It will be appreciated that the process of defining the CRF may be an iterative one, in which an initial, desired form of the CRF is specified, and then during training and testing cycles, the CRF is iteratively altered so as to achieve a realistic or achievable performance specification. For example, it may become apparent during testing that there is a limit to the performance that can be achieved once the value of Z increases beyond a certain point, and the CRF will need to be altered to acknowledge this fact.

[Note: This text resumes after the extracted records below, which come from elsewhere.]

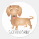 Pegatina Redonda Sonrisas de perro picante de Dachshund, hola, pens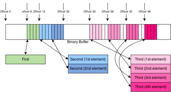 此示例显示了变量的 JSON 描述以及数据写入输出二进制缓冲区时的位置。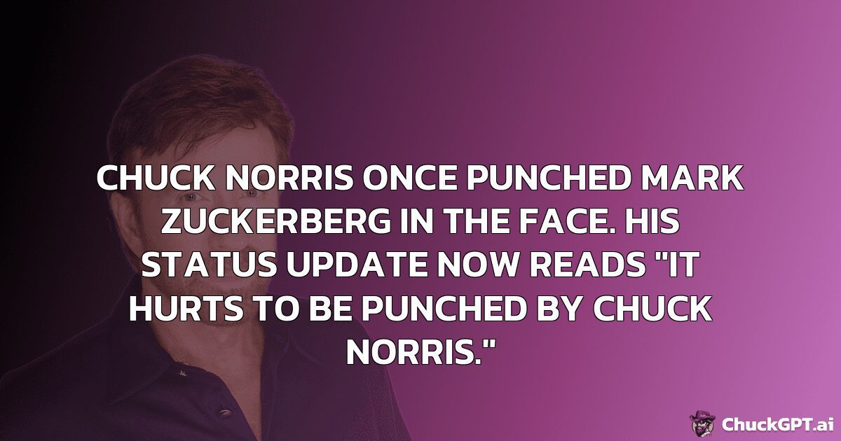 Chuck Norris once punched Mark Zuckerberg in the face. His status update now reads “It hurts to be punched by Chuck Norris.”
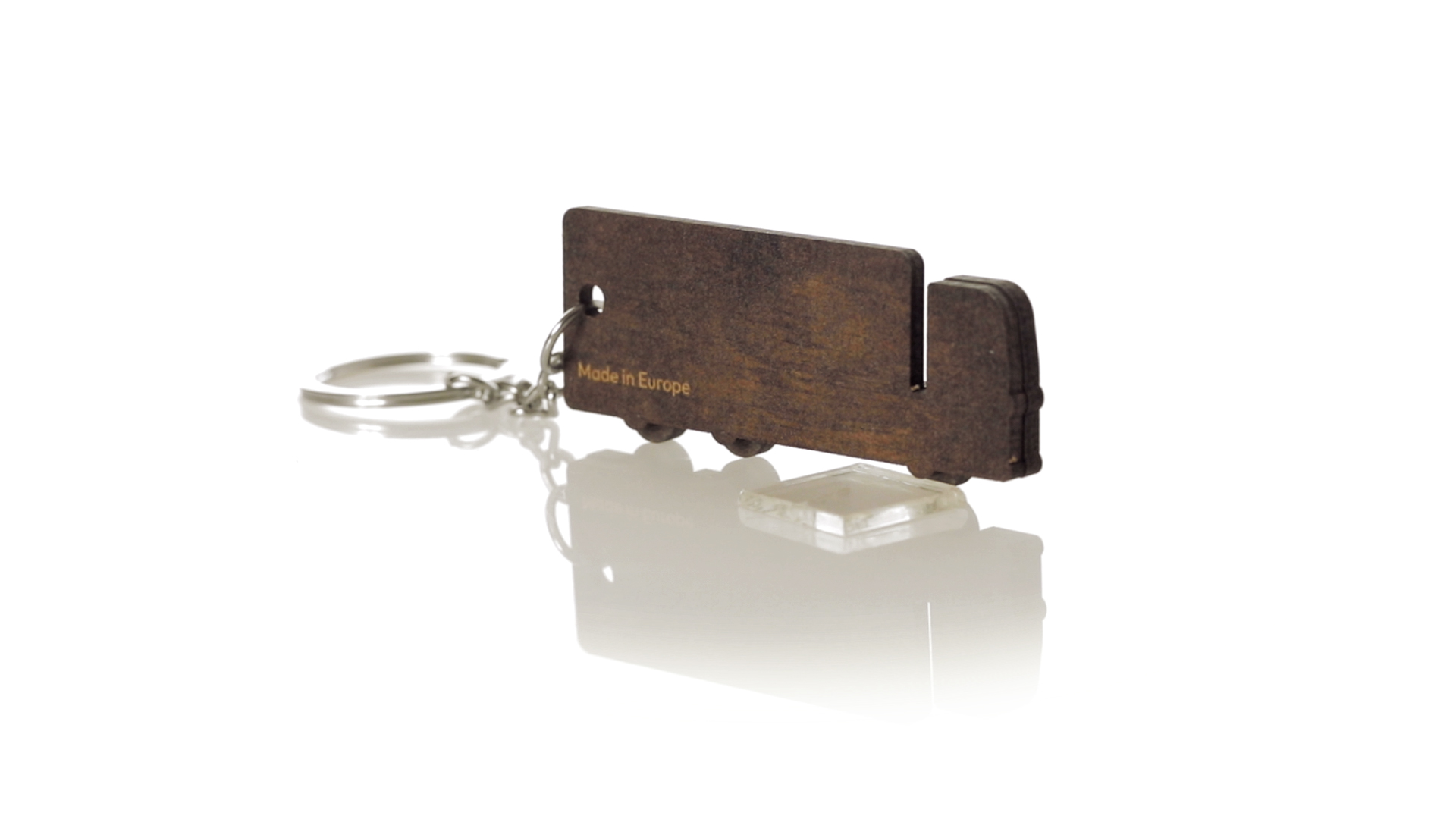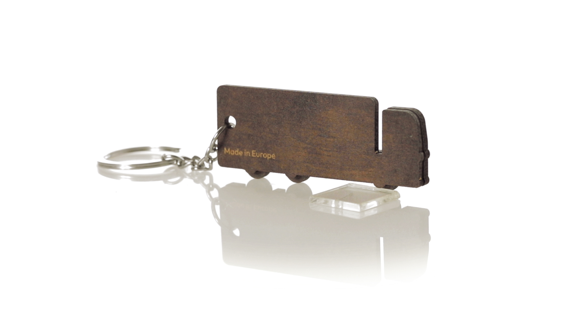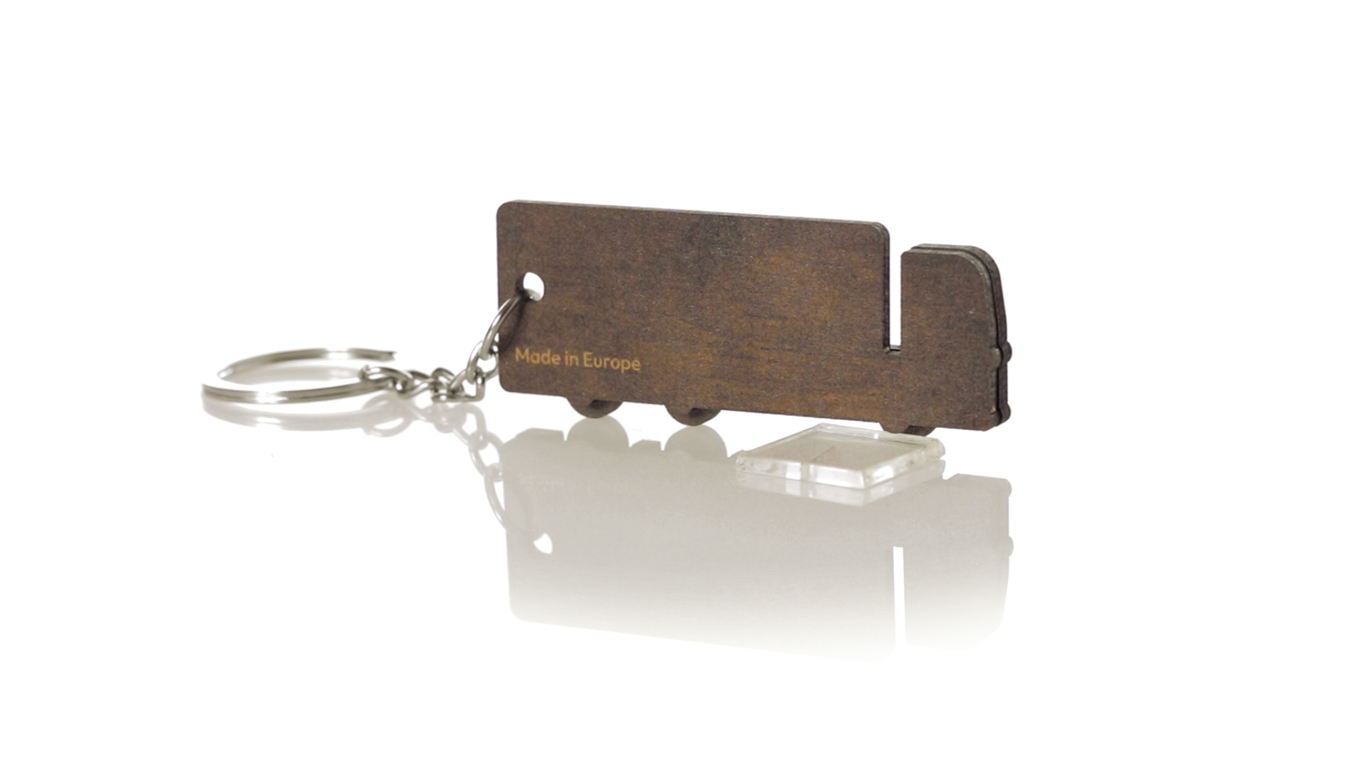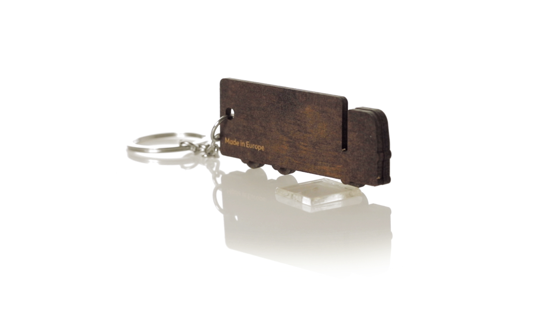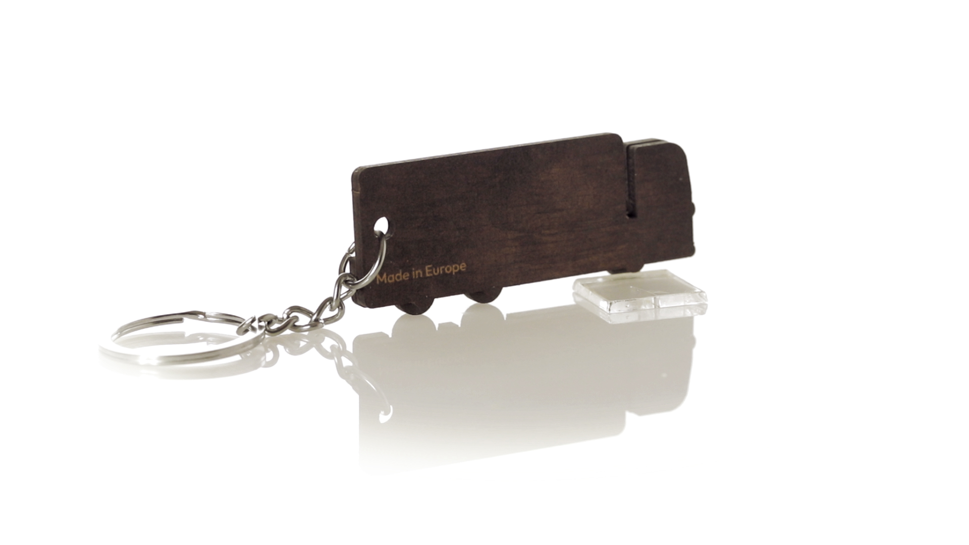 Schlüsselanhänger mit Lkw-Motiv, aus Naturholz und mit Original-Bicolor-Finish. Grosse Branding-Fläche, mit Metallring und -kette und Made in Europe-Logo.

Classifier resilience functions capture and quantify the generalisation capabilities of machine learning algorithms. Therefore requirements which cover generalisation performance can be expressed in terms of CRFs. This in turn enables verification to be more systematic. For example, the specification may define one or more permitted forms of a classifier resilience function that the algorithm’s performance must match. In so doing, the specification will state the required generalisation capability of the machine learning algorithm as a function of one or more quantifiable properties of a data set. A specification may also define multiple classifier resilience functions, each one of which the algorithm must be capable of meeting. By defining the requirements in this way, machine learning classifiers can in turn be systematically verified with respect to their required generalisation competence. Verification can be carried out using existing methods such as formal verification or dynamic testing.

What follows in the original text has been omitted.